En revanche, la méthode GEM est capable de résoudre des systèmes plus complexes (systèmes multiphasiques non idéaux) et permet de prédire la composition phasique à l’équilibre dans une opération. Les multiplicateurs de Lagrange implémentés dans les algorithmes de minimisation d’énergie de Gibbs sont capables de déterminer la stabilité des phases sans intervention de l’opérateur pour retirer ou ajouter une espèce de l’équilibre comme il est le cas dans les algorithmes de LMA. Étant donné que cette méthode nécessite une grande quantité de données d’entrée, en particulier les potentiels chimiques standards pour toutes les espèces pour chaque condition de température et pression, elle reste désavantagée par rapport à l’approche LMA en ce qui concerne les bases thermodynamiques. Cependant, une récente base de données spécifique au ciment (CEMDATA 14.01) a été développée à l’EMPA [2][3]. Elle contient des données calculées à partir d’examens expérimentaux tels que le produit de solubilité, l’énergie libre de Gibbs, l’enthalpie, l’entropie, la capacité calorifique et le volume moléculaire pour un certain nombre de phases de ciment. La base de données résultante couvre les hydrates couramment rencontrés dans les systèmes de ciment Portland dans la gamme de température 0-100 ° C, y compris les phases C-S-H, hydrogarnet, hydrotalcite, AFm et AFt et leurs solutions solides.
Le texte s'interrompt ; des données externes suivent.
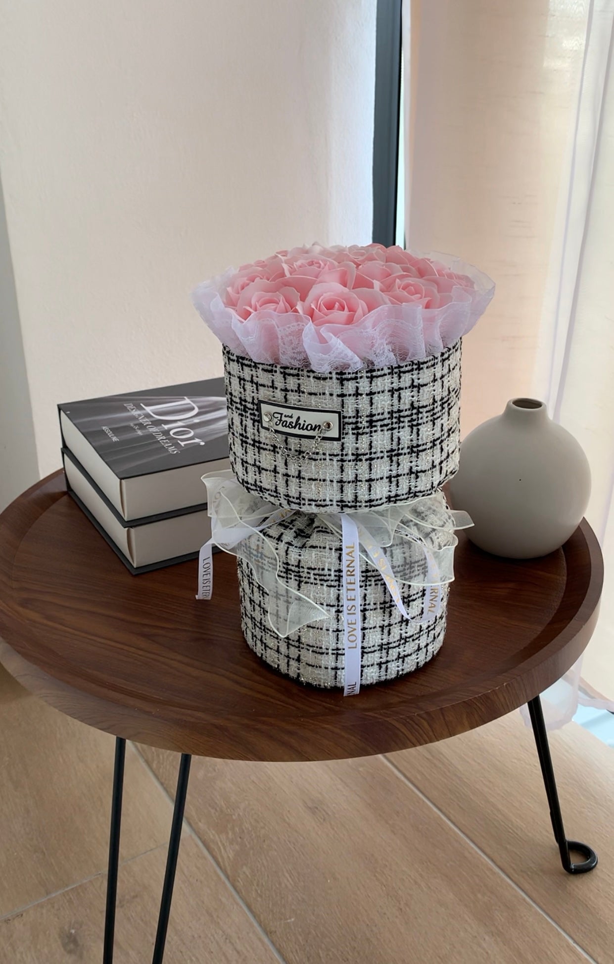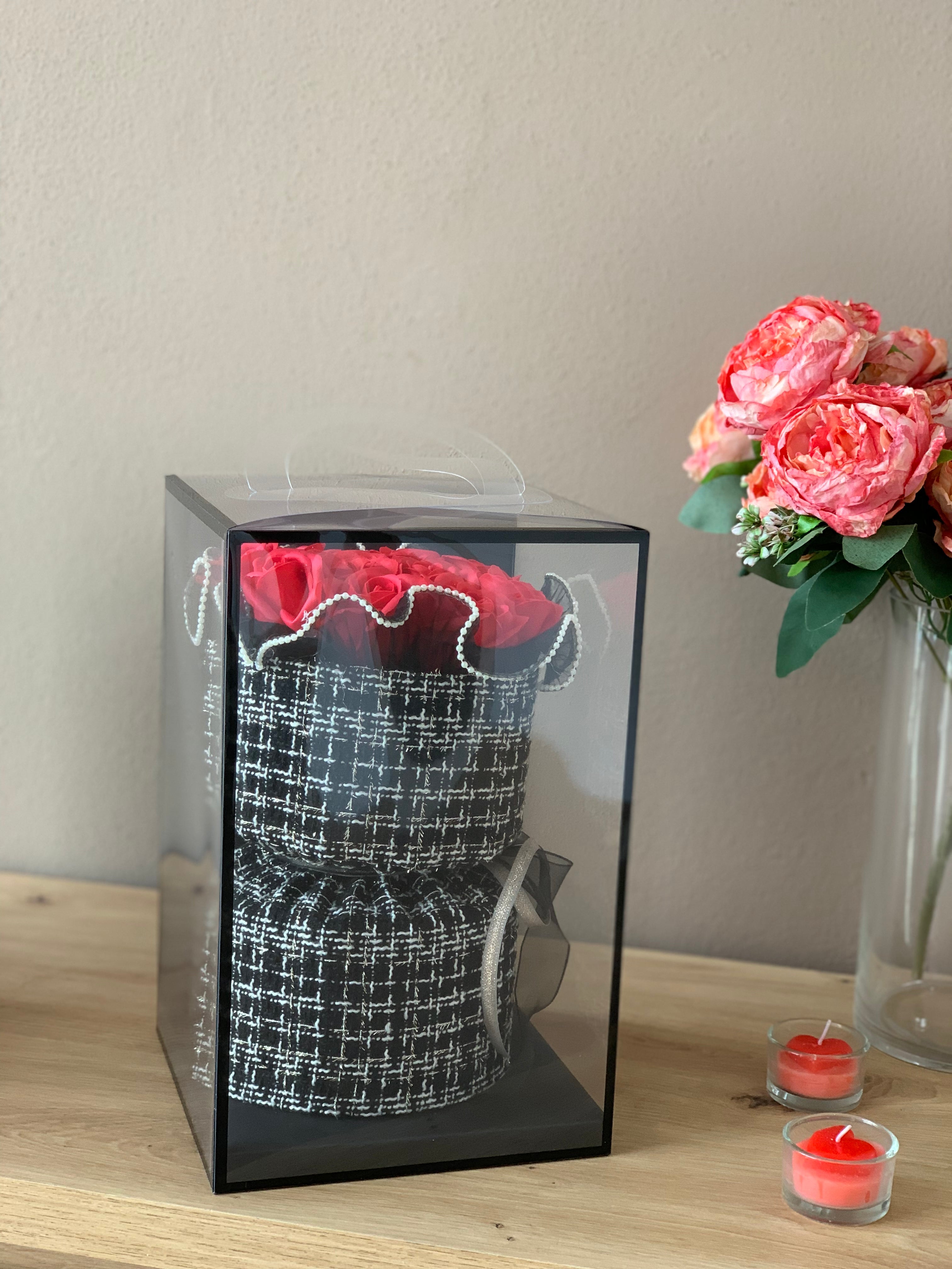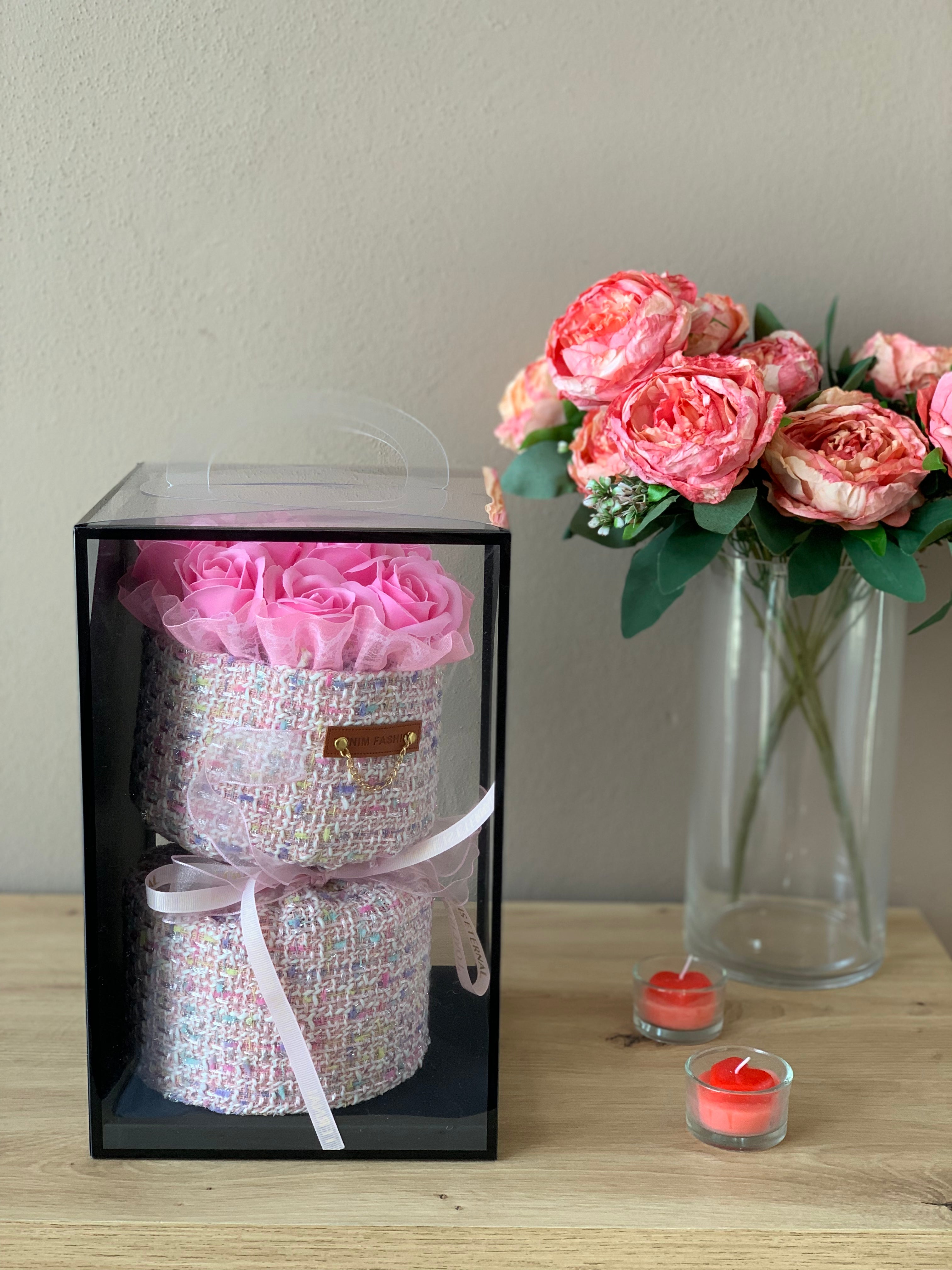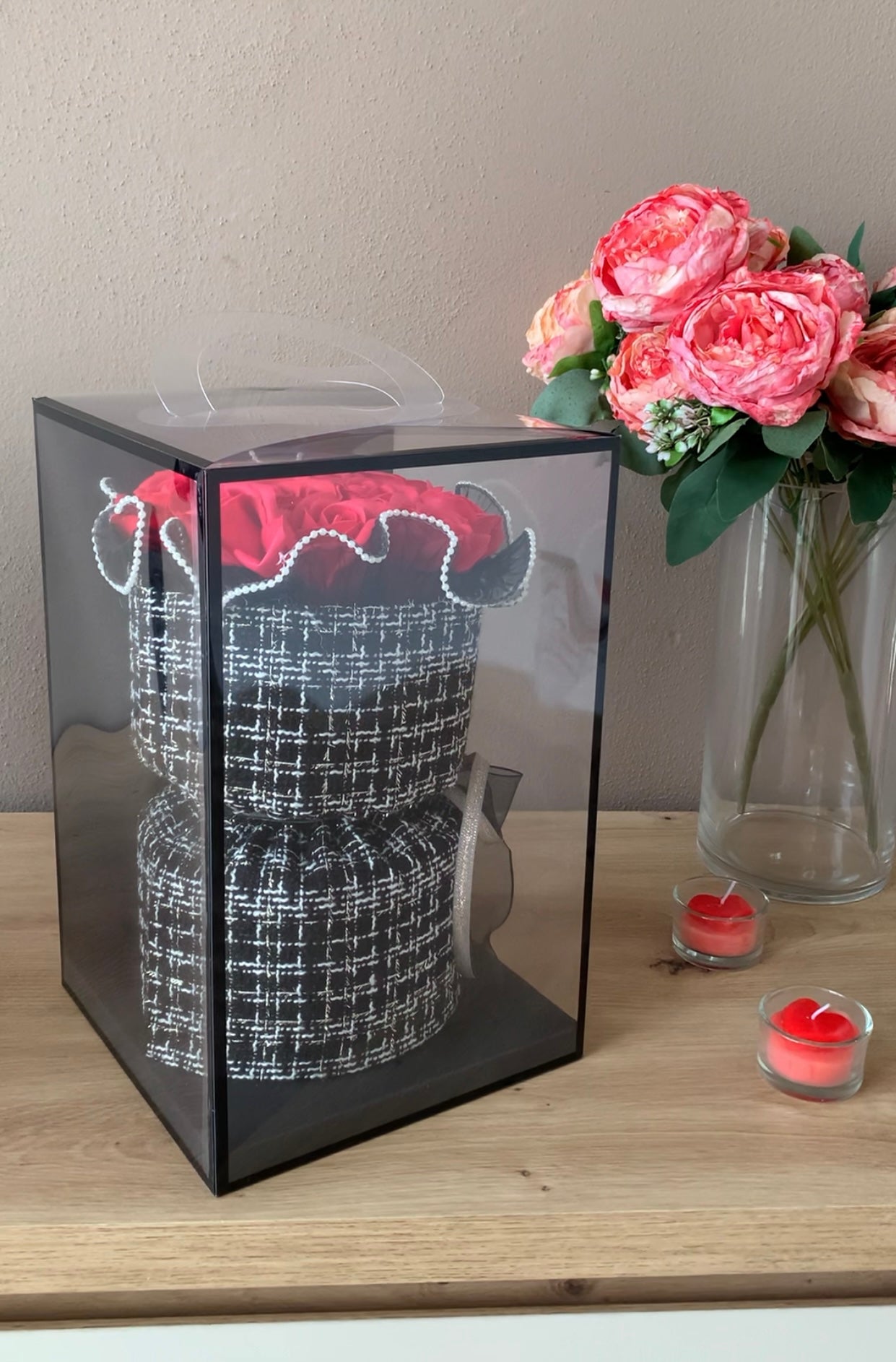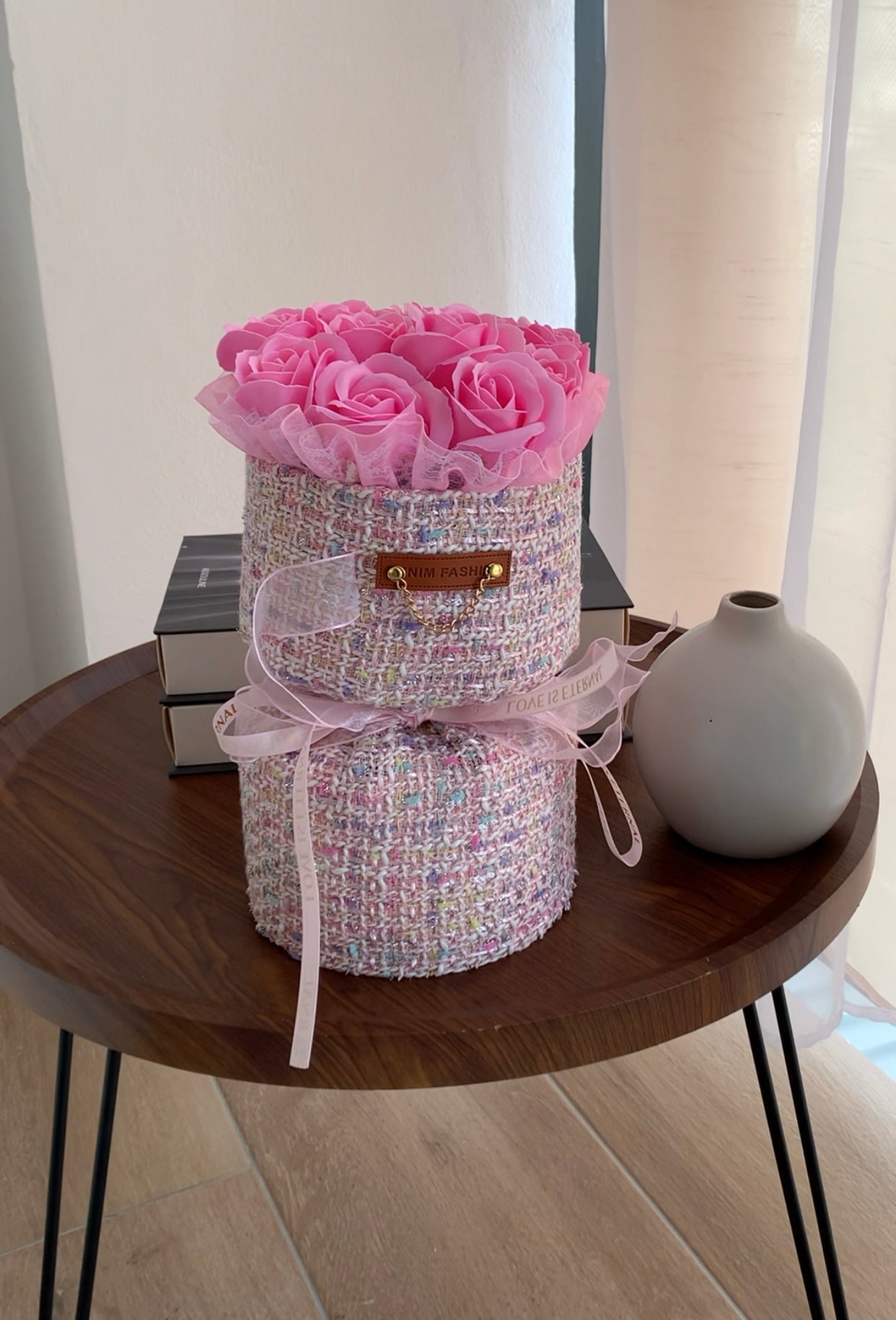 Dimensionet: 19*19*30cm  Ngjyra: rozë, e bardhë, e zezë

Par conséquent, on peut conclure que les deux méthodes ont des avantages comme des inconvénients. De plus, les résultats du calcul d’équilibre restent relativement comparables, et que ce soit avec une méthode ou avec l’autre, l’assemblage des phases doit être vérifié par des méthodes expérimentales qualitatives et quantitatives telles que l’ATG pour la portlandite/calcite, la DRX pour les phases cristallines et le MEB. En résumé, on peut dire que les algorithmes de LMA bénéficient de formulations plus simples, qui sont données en termes de constantes d'équilibre de réactions, mais qui manquent de généralité pour les systèmes chimiques multicomposants avec des phases non idéales. Les algorithmes GEM, quant à eux, peuvent gérer de façon inhérente des systèmes complexes et déterminer les phases stables à l'équilibre, mais nécessitent davantage de données thermodynamiques qui ne sont pas toujours immédiatement disponibles.